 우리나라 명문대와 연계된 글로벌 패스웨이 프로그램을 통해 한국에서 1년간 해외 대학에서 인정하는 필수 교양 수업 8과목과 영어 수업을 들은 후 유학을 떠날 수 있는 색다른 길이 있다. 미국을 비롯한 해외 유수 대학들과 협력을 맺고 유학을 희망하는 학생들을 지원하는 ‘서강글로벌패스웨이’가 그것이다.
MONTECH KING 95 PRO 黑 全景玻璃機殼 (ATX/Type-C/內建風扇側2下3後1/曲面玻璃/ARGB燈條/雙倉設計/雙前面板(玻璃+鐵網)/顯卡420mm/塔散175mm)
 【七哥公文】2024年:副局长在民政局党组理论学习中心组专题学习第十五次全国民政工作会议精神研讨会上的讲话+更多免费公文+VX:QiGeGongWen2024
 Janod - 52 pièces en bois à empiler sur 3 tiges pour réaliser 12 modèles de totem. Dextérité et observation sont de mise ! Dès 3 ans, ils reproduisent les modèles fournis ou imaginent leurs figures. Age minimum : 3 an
::::
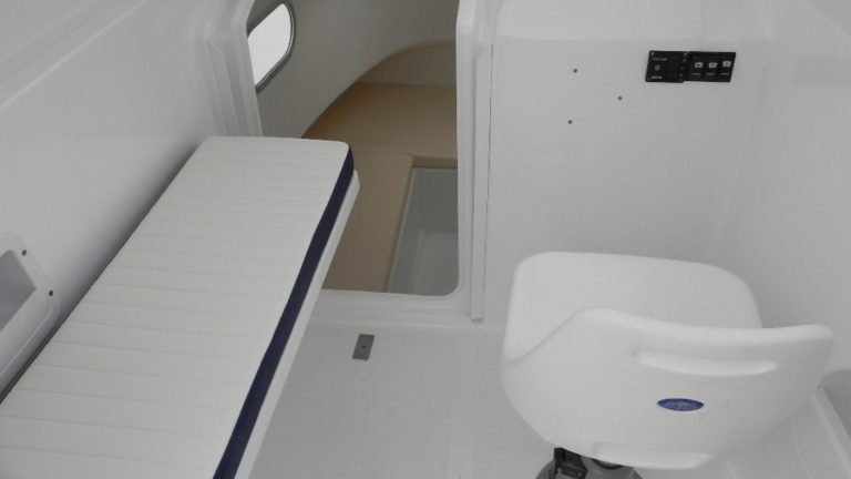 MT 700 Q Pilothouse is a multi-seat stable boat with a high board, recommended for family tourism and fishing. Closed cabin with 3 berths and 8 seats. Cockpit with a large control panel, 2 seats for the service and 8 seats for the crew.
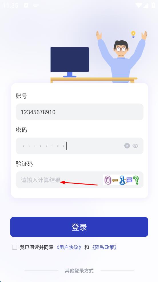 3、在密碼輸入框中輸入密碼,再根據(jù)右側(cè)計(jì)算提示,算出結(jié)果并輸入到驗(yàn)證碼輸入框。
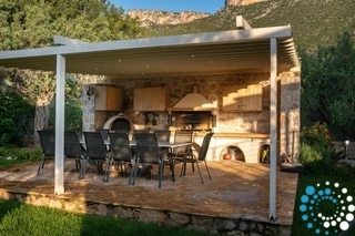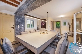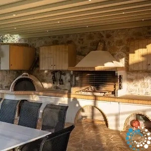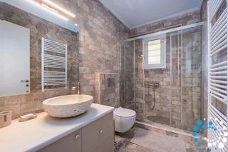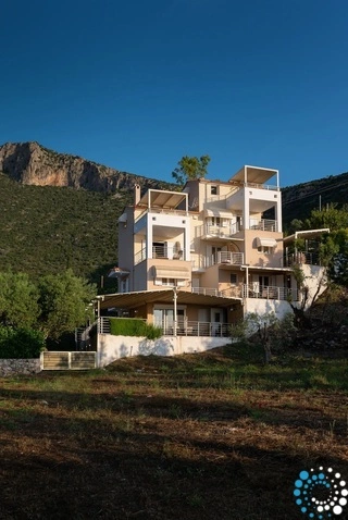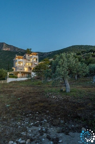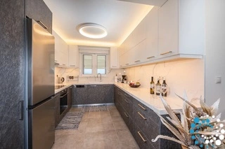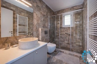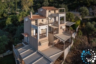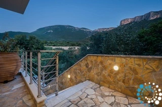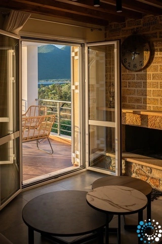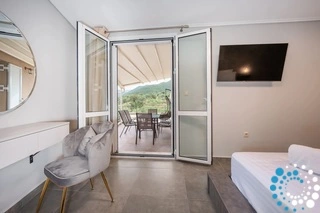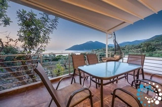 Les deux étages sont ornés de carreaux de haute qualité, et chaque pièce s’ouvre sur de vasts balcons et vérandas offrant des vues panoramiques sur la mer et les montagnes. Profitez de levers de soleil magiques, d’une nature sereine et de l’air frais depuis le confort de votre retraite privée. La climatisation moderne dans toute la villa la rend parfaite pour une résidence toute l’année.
::::
What the exercise asks:
The material above holds pictures; leave them out. Repeat exactly the lines from the one containing "MT 700 Q Pilothouse" through the one containing "3、在密碼輸入框中輸入密碼,再根據(jù", and nothing else.

Task solution:
 MT 700 Q Pilothouse is a multi-seat stable boat with a high board, recommended for family tourism and fishing. Closed cabin with 3 berths and 8 seats. Cockpit with a large control panel, 2 seats for the service and 8 seats for the crew.
 3、在密碼輸入框中輸入密碼,再根據(jù)右側(cè)計(jì)算提示,算出結(jié)果并輸入到驗(yàn)證碼輸入框。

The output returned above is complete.